This Is Granada: Open Your Eyes!
A superb photo gallery of Europe's Moorish stunning jewel in Granada: The Alhambra. Spain's most visited monument portrayed as you had not probably seen it before. A very personal look at its fantastic and magical geometric maze and the endless game of light and shadows. Probably the best images of the Alhambra you will see in Internet. These panoramas, landscapes and close up shots of the most visited and enchanting monument in Spain have already had more than a million visitors.
THIS IS GRANADA: OPEN YOUR EYES!
Granada is a city filled with history, living with the hubbub and bustle of her squares, her streets, her gardens. A city that entices you to discover the secrets it keeps, a seductive temptation for any traveller. Here you are! This is my homage to this stunning city in a handful of pictures, hopefully as beautiful as the city itself is and deserves them to be. I hope you enjoy watching them as much as I enjoyed taking them.
Some of the most outstanding Easter week processions in Spain take place in Granada.

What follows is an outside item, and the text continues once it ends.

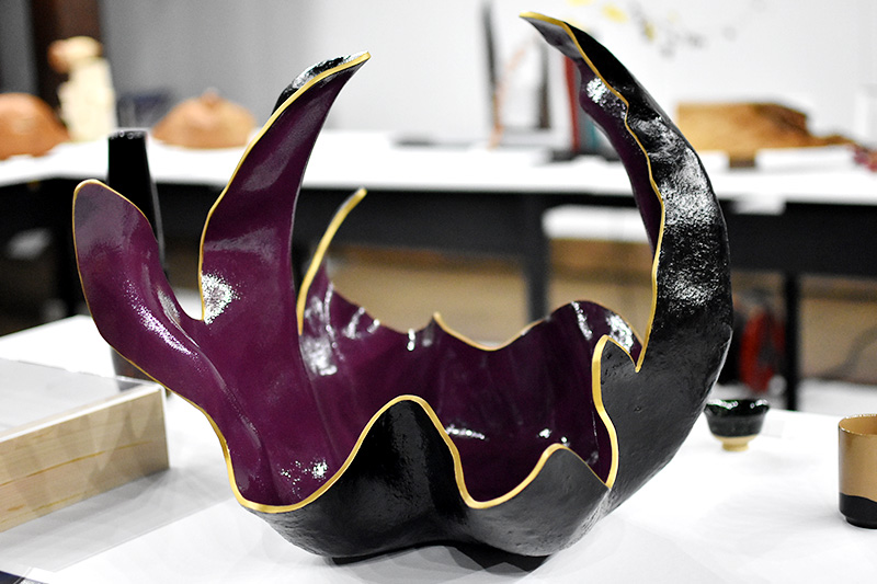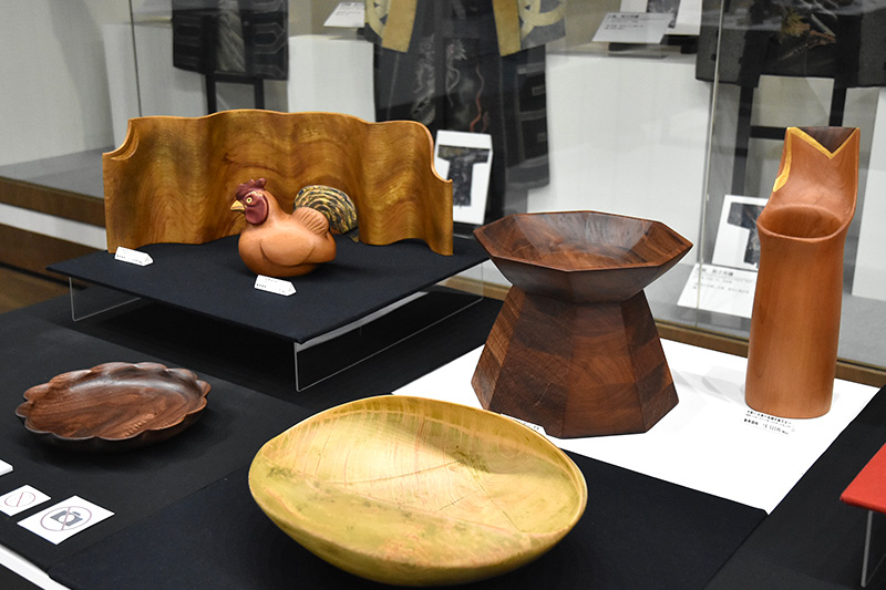 陶芸、木彫、石・木彫り、独楽、ステンドグラス、染織などさまざまなジャンルの作家が展示します。
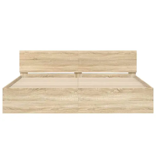 Zagotovite si boljši spanec s tem posteljnim okvirjem! Je prijeten dodatek za vsako spalnico. Vzdržljiv material: Inženirski les se ponaša z izjemno kakovostjo, gladko površino ter močjo, stabilnostjo in odpornostjo na vlago.Odlična opora: Posteljno vzglavje vam zagotavlja odlično oporo za hrbet, medtem ko sedite v postelji in berete ali gledate televizijo.Trdne letvice: Letvice iz vezanega lesa omogočajo dobro porazdelitev teže in zagotavljajo, da vzmetnica ostane na mestu ob vsakem zasuku in obračanju med spanjem. Dobro je vedeti:Vzmetnica ni priložena tej postelji. Ponujamo različno izbiro ležišč. V naši trgovini si lahko ogledate ustrezne vzmetnice.Barva: Sonoma hrastMaterial posteljnega okvirja: Inženirski lesMaterial letvic: Vezan lesCelotne dimenzije: 203 x 205 x 70 cm (D x Š x V)Velikost primerne vzmetnice: 200 x 200 cm (Š x D) (vzmetnica ni priložena)Potrebno sestavljanje: Da

They wind slowly around the streets, with lifelike statues of Christ and the Virgin Mary in mourning, and are led by a Brotherhood each with its own history. Among them stands out The Christ Of The Gispsies, on Easter Wednesday, an impressive mixture of religion and popular traditions setting the slopes of the Sacromonte on fire. Literally!
Declared a World Heritage Site by Unesco in 1984, the Albayzin retains the architecture, old winding streets and flavour of its Medieval Moorish past. Its stunning views of the Alhambra with the Sierra Nevada mountain rage in the background, are world famous, and many tourists come here to enjoy the spectacular sunset from the church of San Nicolas, which USA ex-president Bill Clinton, having studied in Granada himself, named as the most stunning in the world. Less than a five minute walk from San Nicolas is the gitano quarter of Sacromonte where Spanish Gypsies have their homes in caves excavated from the soft rock and have developped as a tourist attraction famous for its flamenco dance and music evenings.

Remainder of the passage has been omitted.